The restaurant provides gourmet-quality meals to the hungry while enabling them to volunteer on community projects in return without the stigma of visiting a soup kitchen. Paying customers are encouraged to leave whatever they want in the envelopes on each table, where the menus never list a price.

The restaurant is the latest undertaking by the New Jersey rocker's Jon Bon Jovi Soul Foundation, which has built 260 homes for low-income residents in recent years.

"With the economic downturn, one of the things I noticed was that disposable income was one of the first things that went," Bon Jovi told The Associated Press in an interview Wednesday before the restaurant's grand opening ceremony. "Dining out, the family going out to a restaurant, mom not having to cook, dad not having to clean up — a lot of memories were made around restaurant tables.

"When I learned that one in six people in this country goes to bed hungry, I thought this was the next phase of the Foundation's work," he said.

It started several years ago when Dorothea Bongiovi (she uses the legal spelling of her husband's name) and Jon started helping out at a food pantry at nearby St. Anthony's Roman Catholic Church. They later moved their focus to the Lunch Break program, which feeds 80 to 120 people a day, dubbing it "The Soul Kitchen."

They brought that name with them to a former auto body shop down the street from the Count Basie Theater, where Jon and his self-titled band have played many fundraising shows for local charities.

It took a year and $250,000, but the restaurant now rivals any of its competitors in trendy Red Bank, with entrees like cornmeal crusted catfish with red beans and rice, grilled chicken breast with homemade basil mayo and rice pilaf, and grilled salmon with soul seasonings, sweet potato mash and sauteed greens, many of which were grown in the herb and vegetable garden right outside the restaurant's doors.

Bon Jovi, who has a home in next-door Middletown, is adamant about one thing.
"This is not a soup kitchen," he emphasizes. "You can come here with the dignity of linens and silver, and you're served a healthy, nutritious meal. This is not burgers and fries.

"There's no prices on our menu, so if you want to come and you want to make a difference, leave a $20 in the envelope on the table. If you can't afford to eat, you can bus tables, you can wait tables, you can work in the kitchen as a dishwasher or sous chef," he said. "If you say to me, 'I'm not a people person,' I say, 'That's not a problem. We'll take you back to Lunch Break to volunteer with those people. If you don't want to volunteer with that, we'll take you to the FoodBank."

After volunteering at one of those places, a person will be given a certificate good for a meal at The Soul Kitchen.

"If you come in and say, 'I'm hungry,' we'll feed you," Bon Jovi said. "But we're going to need you to do something. It's very important to what we're trying to achieve."

That includes making people feel part of a larger community that cares about them, while still expecting them to contribute to society at large.

"This is not an entitlement thing," Bon Jovi said. "This is about empowering people because you have to earn that gift certificate."

He and others at the restaurant want those who can afford to dine out to patronize the restaurant as well and pay what they consider market prices, or even a bit more than that, to help sustain The Soul Kitchen as a true community resource.

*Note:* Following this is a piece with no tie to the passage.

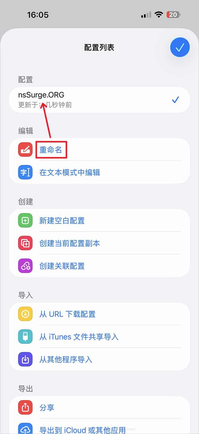 成功导入配置文件后如下图所示,可以重命名为好记的文件,如下图所示:

Bon Jovi said he is currently writing songs for his band's next album, due out in 2013, along with another typically massive Bon Jovi tour. He said many of the songs are inspired by the current economic downturn and the struggles of everyday people to make ends meet without losing hope.

In the meantime, he and his wife plan to stay active in the restaurant, where he estimates he has worked at least once a week in recent months. The Soul Kitchen is open for dinner Thursday through Saturday, and offers Sunday brunch.

How important is rolling up his sleeves and working in the restaurant to him?

"Last Friday, I was at the White House, serving on the Council for Community Solutions, got on a train, changed in the bathroom and got here in time to wash dishes Friday night," he said. "I'm the dishwasher, for real. I can't cook a lick."

- with thanks to Yahoo News and Associated Press.